Time domain and spectral analysis of TNF- and IL-1β–mediated neurograms. (A) Plot showing the total CAP counts in the 10-min period immediately after cytokine administration (saline, 200 μL per mouse, N = 6; TNF, 50 μg per mouse, N = 21; IL-1β, 350 ng/kg, N = 10). Values between the saline control and each cytokine are statistically significant (*, P < .05, MW test), but the cytokines are not significantly different from each other (ns, P = .07, t test). (B) Graph depicting the latency (mean ± SEM) for the TNF and IL-1β responses, with no significant difference between values (P = .16, t test). (C) Power spectral densities (PSDs) for the TNF (blue) and IL-1β (green) responses in the 0–30 Hz range for the unfiltered neurogram recordings. (Inset) PSD for the 0–200 Hz range, with the gray rectangle indicating the expanded plot. (D) The areas under the PSDs (0–400 Hz range) were calculated for TNF and IL-1β. The calculated area for each response is shown for TNF (blue) and IL-1β (green).

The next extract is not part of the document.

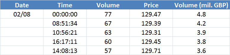 A legnagyobb volumenű tranzakciók a GBPUSD devizapáron: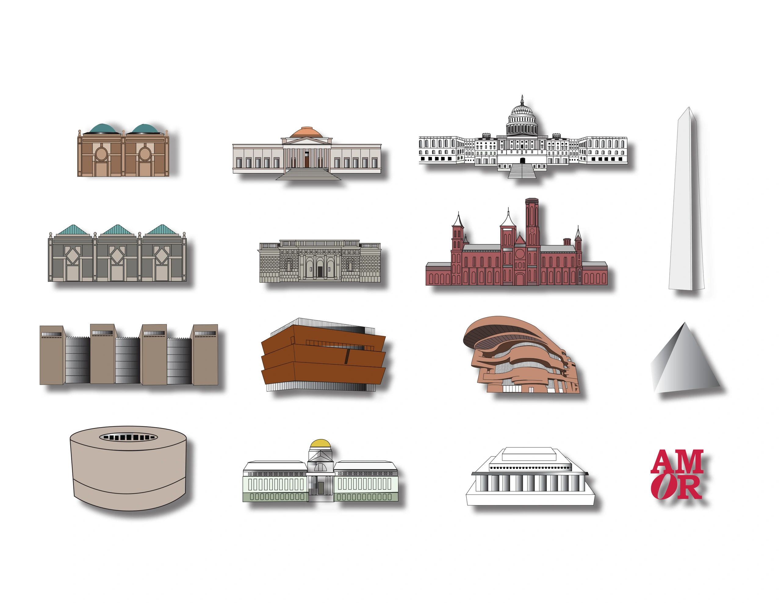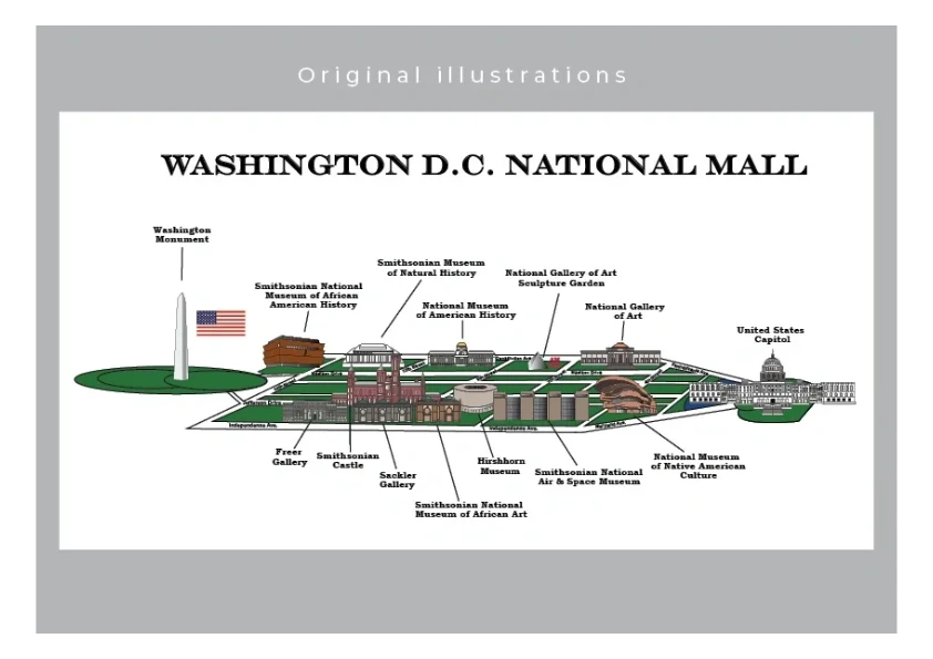 Map of the DC National Mall using building illustrations created in Adobe Illustrator.

Responses are statistically different (*, P < .05, MW test, N = 7 for each group), suggesting a potential biological substrate for cytokine discrimination within the CNS.

Figure 7

Genetic ablation of cytokine-mediated neurograms. (A, B) Plots showing the total CAP count in the 5-min period immediately after IL-1β or TNF administration in KO mice. (A) In TNFR1/2KO mice, responses for IL-1β (N = 8) and TNF (N = 5) are significantly different (*, P < .05, MW test). (B) In IL1RKO mice, CAPs for IL-1β (N = 8) and TNF (N = 8) are also statistically significant (*, P < .05, MW test). (C) Cultured nodose ganglia are stained for NeuN (left panel) to identify all cultured neurons, antibody for TNFR1 (green panel) and antibody for IL1R (red panel); merged signals are shown in the right panel. Scale bar, 50 μm. (D) Responsive neurons display a ≥ two-fold increase in Fluo-4 fluorescence in response to 100 ng/mL cytokine. (Top) Plot of neurons that respond to TNF in WT (N = 7) and TNFR1/2KO (N = 7) mice. (Bottom) Neurons that respond to IL-1β in WT (N = 5) and IL1RKO (N = 4) groups; *, P < .05, MW test.